P/ Iko Vedovelli and your magic hands

“... espantoso, que nossos olhos enxerguem por um deus cego,
e sejam também os olhos do Sol...”


Fecham-se as portas. Você passa. Eu lembro e mergulho em você. Protejo os olhos do Sol com as mãos. Da ponta do polegar ao mínimo. Uma bola de vidro partida. Vinte e dois centímetros: é um palmo. Distância capaz de determinar a severidade ou a graça de uma história, de protelar o sonho de um atleta, ou até mesmo aniquilá-lo. Percurso que pode fazer o focinho de um cavalo transformar o resto do conjunto num famoso garanhão, ou num indistinto pangaré. Sim. Um palmo pode. Pode separar um dia, uma noite; uma vida, uma morte: Um Palmo Pode. Pode separar um abraço, um beijo... No entanto, beijos separados por palmos acusam pausas e, em cada intermezzo, existe um pico onde as palavras não alçam vôo, e te olhar então, assim pausadamente, sem pressa e sem pensar nada, só olhar. Este vazio. Estas possibilidades que o tempo arrasta rumo ao acaso. Eu planejava imaginar outros caminhos, mas este palmo que nos separa prenuncia: 30 minutos se passam como 5. Teu sorriso é meu encanto. Você não se revela. Mas sei quem és. Amo cada um dos teus defeitos, dos teus acertos... A campainha toca. O palmo se estende até um quilômetro e meio. Distâncias que nesta noite, determinarão o vazio entre nossos indefesos corpos, e onde repousarão as eras que separam nossas mentes. Você passa a catraca, desce do ônibus e não olha pra trás.

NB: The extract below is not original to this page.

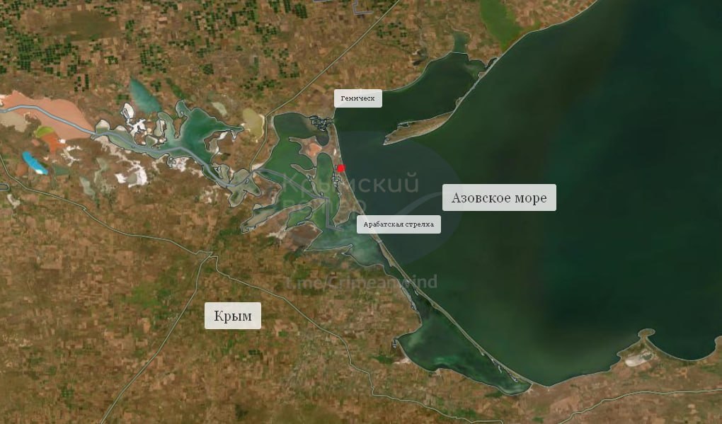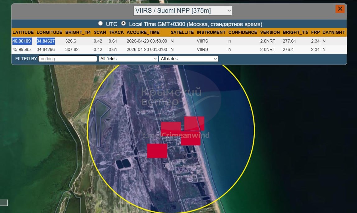 "Пожары на Арабатской стрелке в районе объектов оккупантов фиксируют спутники NASA", - сообщает 23 апреля мониторинговая группа тгк-канала "Крымский ветер".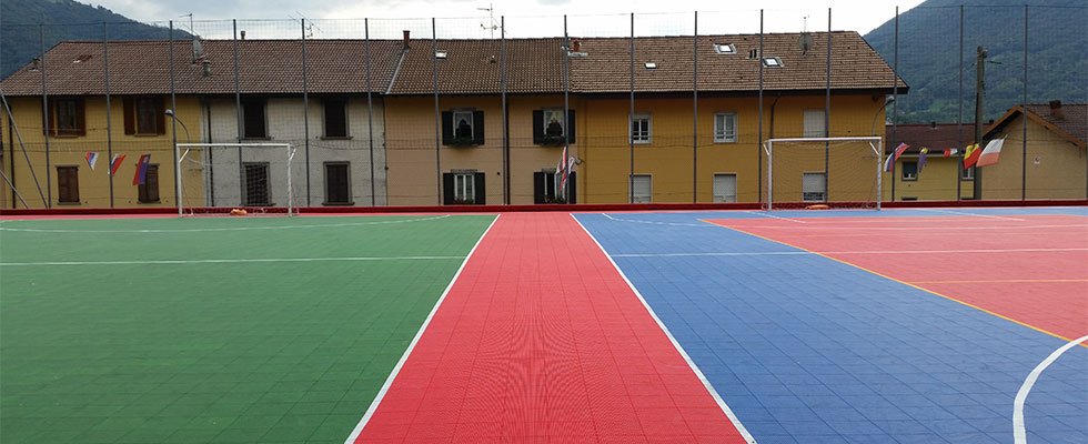 In Bergamo, near Milan, the church sports area has been restored using Gripper Sport Outdoor. It was used to create a green futsal sports field and red and another blue and red court for basket and volleyball. The old ground was made of resin for asphalt and after just one year, it was already ruined and degraded. Gripper was installed directly on the asphalt, solving practically and quickly the discomfort of the old sports field, creating two brand new courts comfortable and safe for the children who will play on them.

Sigo eu com o rastro de teu perfume nas narinas e um enorme e inexplicável vazio no coração. Vislumbro as milenares montanhas de sempre. Azuladas como sempre. Ainda mais belas do que sempre. Deliro em comprar uma régua escolar. Sim, de trinta em trinta cm decomporia niponicamente em escalas perfeitas todas as distâncias de minha terra, e quem sabe com um pouco de coragem e arguta visão, definiria a exata posição de seu ecossistema no mundo, e assim sendo, eu e a terra voltaríamos a ser Um só.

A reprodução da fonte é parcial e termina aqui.